In the experiment, the output power of the laser was set to 19 dBm, and the center frequency of the laser was stable at 193.39 THz. The RF source frequency is 13 GHz and the output power is set to 16 dBm. The PM (EOspace, PM-5SES-20-PFA-U/V) half-wave voltage (Vπ) in the experiment is 4.2 V. First, select the three filtered channel slices: the two symmetrical points with the highest first-stage PM sideband power and the carrier position. Then, precise phase control is achieved through the MCU after EOFC filtering. The MCU uses a search algorithm to find the minimum sideband power difference and phase-match the first PM and MZM. Next, it calculates the minimum variance of the carrier optical power difference using a sliding window for the subsequent cascaded PMs. Finally, phase matching of all PM levels is achieved. After completing the phase matching of each level of PM, the experimental data will be read by a spectrometer and plotted in detail in Fig. 4. Under the conditions of a given random initial phase, an optical comb with up to 53 comb lines and a flatness within 3 dB is finally obtained. The measurement results show that this automatic phase-matching method enables the EOFC to achieve good performance.

The time required for phase matching at different operating frequencies is measured. As shown in Fig. 5, the actual measurement results demonstrate that when the frequency of the input RF signal changes within the range of 10–14 GHz clearly, the automatic control method of this study consistently achieves adaptive optimization of the phase relationship in a relatively short time.
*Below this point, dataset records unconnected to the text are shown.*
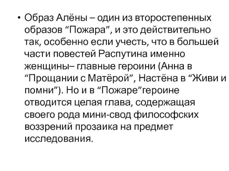 так, особенно если учесть, что в большей части повестей Распутина именно женщины– главные героини (Анна в “Прощании с Матёрой”, Настёна в “Живи и помни”). Но и в “Пожаре”героине отводится целая глава, содержащая своего рода мини-свод философских воззрений прозаика на предмет исследования.
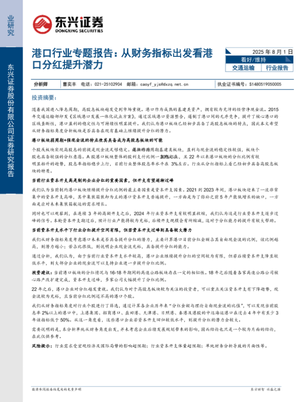 【东兴证券】【202508】港口行业专题报告:从财务指标出发看港口分红提升潜力-20页
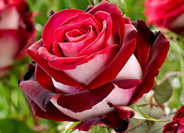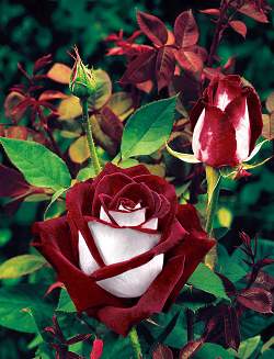 Роза Osiria (Осирия). Потрясающая роза. Лепестки с внутренней стороны бархатистые, темно-красные, с внешней — серебристо-белые. Имеет сильный аромат, густой и сладкий. Очень красива как в полуроспуске (бокаловидная форма), так и полностью раскрывшаяся (чашевидная форма).
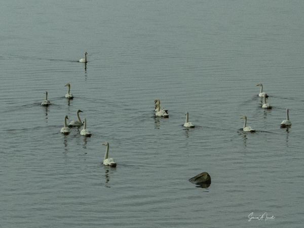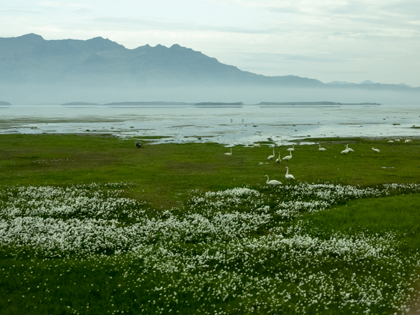 There was one day when we drove along the Eastern coast on our way to Fjallsarlon to see the glacier and ice bergs. On the way we passed the Alftafjorour which means “Swan Fjord,” called that because there can be thousands of Whooper Swans (pronounced hooper) there at any given time. The farmers in that area are not wild about them as the swans go into their field and attack their sheep, but they are protected so no one can harm them.
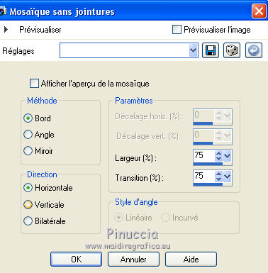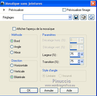 4. Effets>Effets d'image>Mosaïque sans jointures, par défaut.
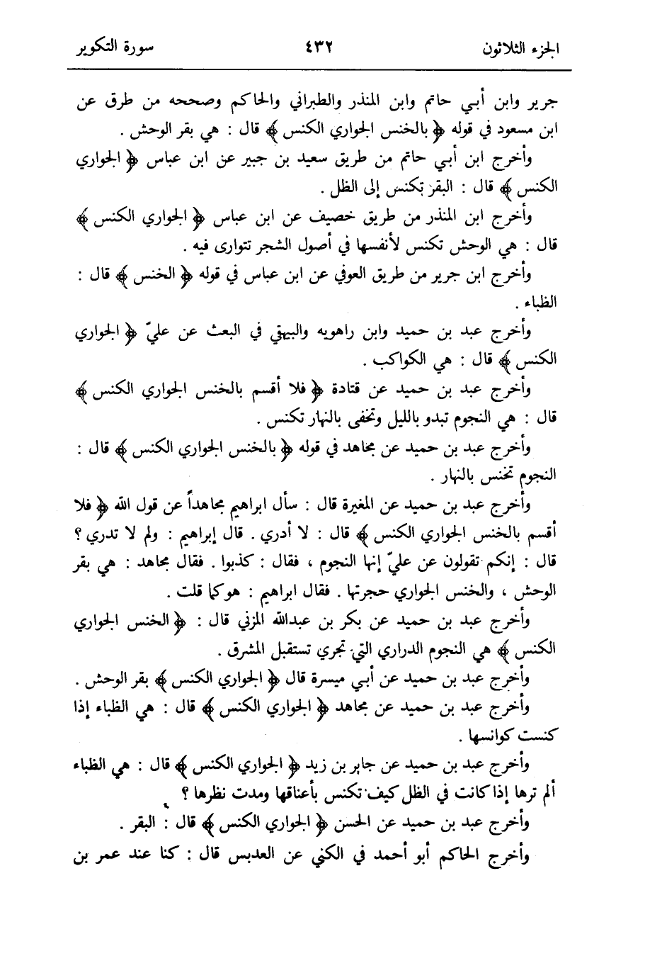 جرير وَابْن أبي حَاتِم وَابْن الْمُنْذر وَالطَّبَرَانِيّ وَالْحَاكِم وَصَححهُ من طرق عَن ابْن مَسْعُود فِي قَوْله: {بالخنس الْجوَار الكنس} قَالَ: هِيَ بقر الْوَحْش
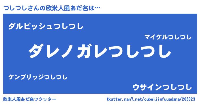 | 男性向けラノベタイトル風あだ名 | 『魔弾の王とつしつし』『つしつしの憂鬱』 |

At the same time, due to the randomness of the initial phase, the time required to complete phase matching will vary. However, this method ensures that the phase matching time is always within 2000 ms, reflecting its efficiency.

In addition, this study conducts detailed measurements of the flatness performance after phase matching is completed at different operating frequencies. As shown in Fig. 6, the actual measurement results show that when the frequency of the input RF signal changes within the range of 10–14 GHz, the optimal performance of the EOFC and the number of comb lines within 3 dB flatness reach 40 and above.
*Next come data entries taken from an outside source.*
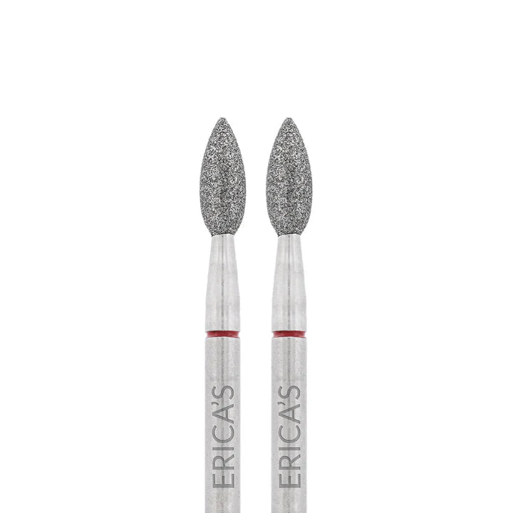 The Large Flame Bit is the largest of Erica's flame-shaped cuticle nail bits. Its ideal for exfoliating cuticles, reducing skin from the nail plate, opening the cuticle pocket, and exfoliating sidewalls. Available in fine grit, this bit offers versatility, value, and superior performance. Made in the USA with 100% natural diamond, the Large Flame Bit promises durability and excellence, making it the perfect choice for detailed cuticle work.
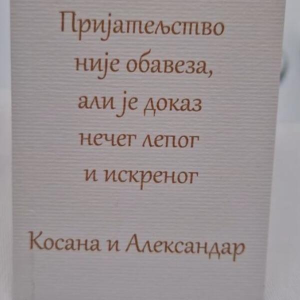 - Prijateljstvo nije obaveza, ali je dokaz nečeg lepog i iskrenog, Kosona i Aleksandar - glasila je poruka koju su mladenci poručili gostima.
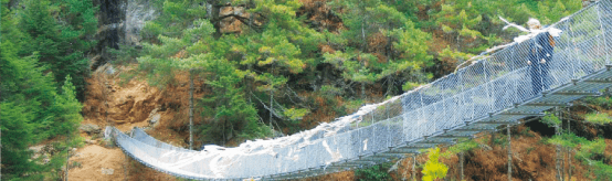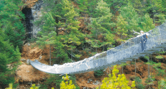 La temperatura va subiendo y la caminata pone en marcha los entumecidos cuerpos. Tras 350 metros de desnivel descendidos y cruzar otro río, aparece la segunda gran pendiente. El paisaje es majestuoso, los puentes tibetanos cada vez son más largos y más altos, pero bien anclados. Repletos de cientos de pañuelos de colores que ondean al viento y rezan a los Dioses.

To evaluate the stability of the EOFC power generation system, we performed sampling and analysis using a high-precision spectrometer (YOKOGAWA AQ6370C). The measurement accuracy of the spectrometer for optical comb power measurement is 0.01 dB. The optical frequency comb spectrum is collected every 1.645 s for a total of 99 min, with a total of 3600 spectral data. The stability of the system is accurately measured by the fluctuation changes of a large number of sampling points over a long period of time. We randomly select an optical frequency comb line as the starting reference point and the peak of the optical frequency comb as the sampling point. The error bar plot in Fig. 7 illustrates the long-term stability of the optical power of the comb lines. The data points, represented by red dots, denote the average optical power, while the error bars indicate the standard deviation of these measurements. For most comb lines, the power deviation is typically less than 2 dBm. The majority of the error bars are relatively short, with standard deviations below 0.5 dB, indicating high stability and low variability in the measurements. It shows that the system output fluctuation is very small and the long-term operation stability is high, which ensures the reliability of the system as a light source for various applications.

In summary, we propose an automatic phase-matching EOFC generation method, which has practical significance for generating OFC light sources with excellent performance. In the method proposed in this Letter, by accurately capturing the optical power changes of the EOFC comb line at three specific positions, the phase synchronization problem in the optical comb system generated by the cascaded EOM is effectively solved. At the same time, the experiment has verified the strong stability in the EOFC generation system under long-term operation. The obtained high-performance stable OFC light source will bring new development possibilities for future optical communication systems.